◆ What you will do ◆
The answer should be the exact lines from the line containing "PAPÍRTASAK MATT, ARANY" through the last line of the material below, with no pictures.
────────────────────
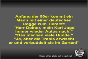 | Anfang der 90er kommt ein Mann mit einer deutschen Dogge... Bild (40.76 KB) 3Lustiges → klasse Sprüche und Witze | Lustiges → klasse Sprüche und Witze | 25.07.-18:47 | Fossy | |
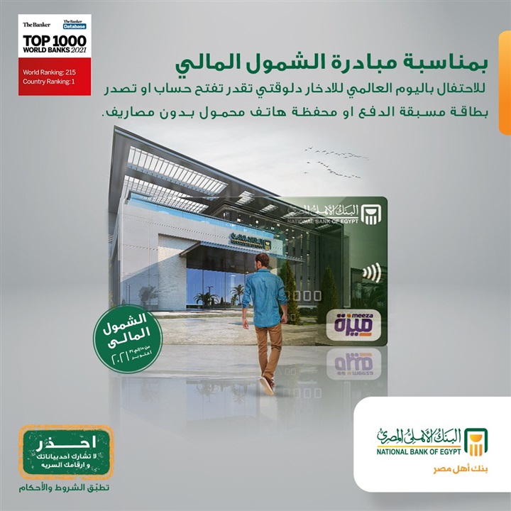 أعلن البنك الأهلي المصري، عبر صفحته الرسمية على موقع التواصل الاجتماعي “فيس بوك”، لعملائه أنه بمناسبة مبادرات البنك المركزي المصري للاحتفال بعيد الادخار العالمي، يمكن فتح حساب، وإصدار بطاقة مسبقة الدفع، أو محفظة هاتف محمول بدون مصاريف.
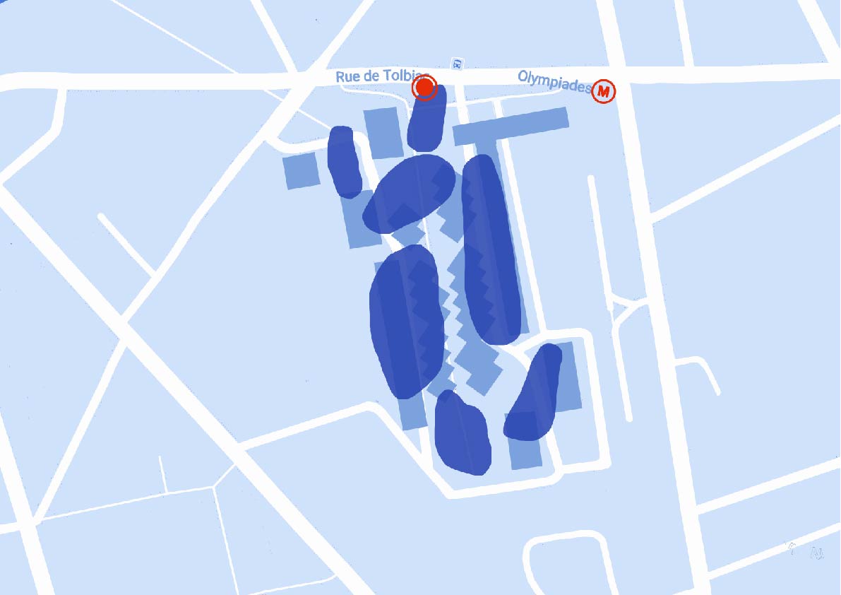 Les hauts bâtiments du jardin de la dalle d’Ivry apparaissent comme les flancs de reliefs sous-marins. La marche devient nage. Le visiteur explore la place à tâtons, pour y découvrir les différentes espèces qui habitent les fonds marins.
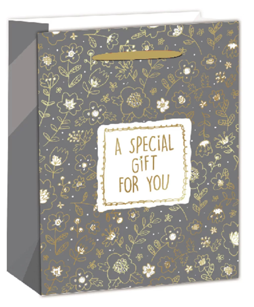 PAPÍRTASAK MATT, ARANY FÉNYES NYOMÁSSAL, VIRÁG MINTÁS, A SPECIAL GIFT FOR YOU FELIRATTAL
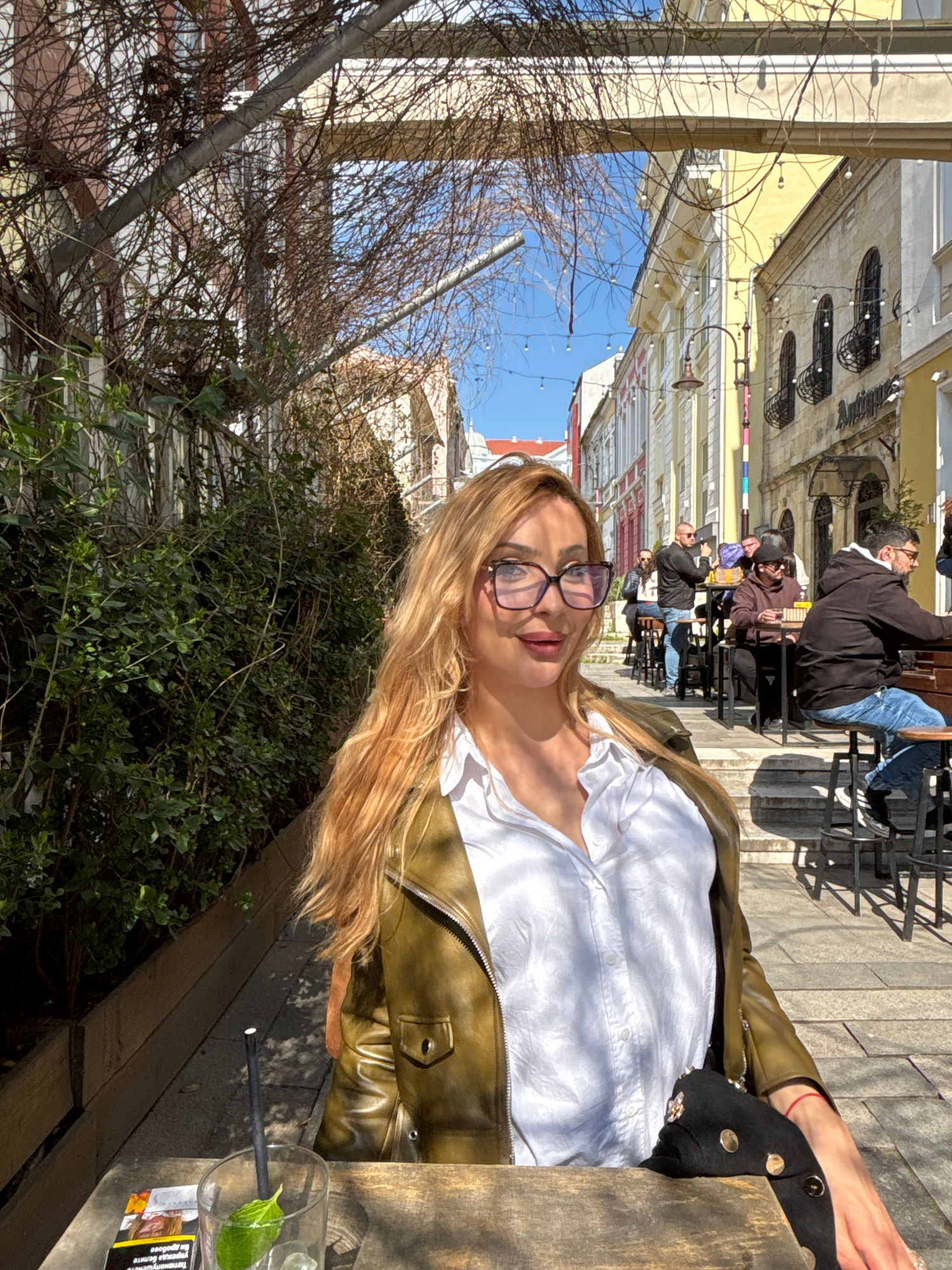 The image depicts a woman with long blonde hair and glasses seated at an outdoor table in what appears to be a pedestrian area, likely in Varna, Bulgaria, given the architecture. She is wearing a whit…read more
────────────────────
◆ Task answer ◆
 PAPÍRTASAK MATT, ARANY FÉNYES NYOMÁSSAL, VIRÁG MINTÁS, A SPECIAL GIFT FOR YOU FELIRATTAL
 The image depicts a woman with long blonde hair and glasses seated at an outdoor table in what appears to be a pedestrian area, likely in Varna, Bulgaria, given the architecture. She is wearing a whit…read more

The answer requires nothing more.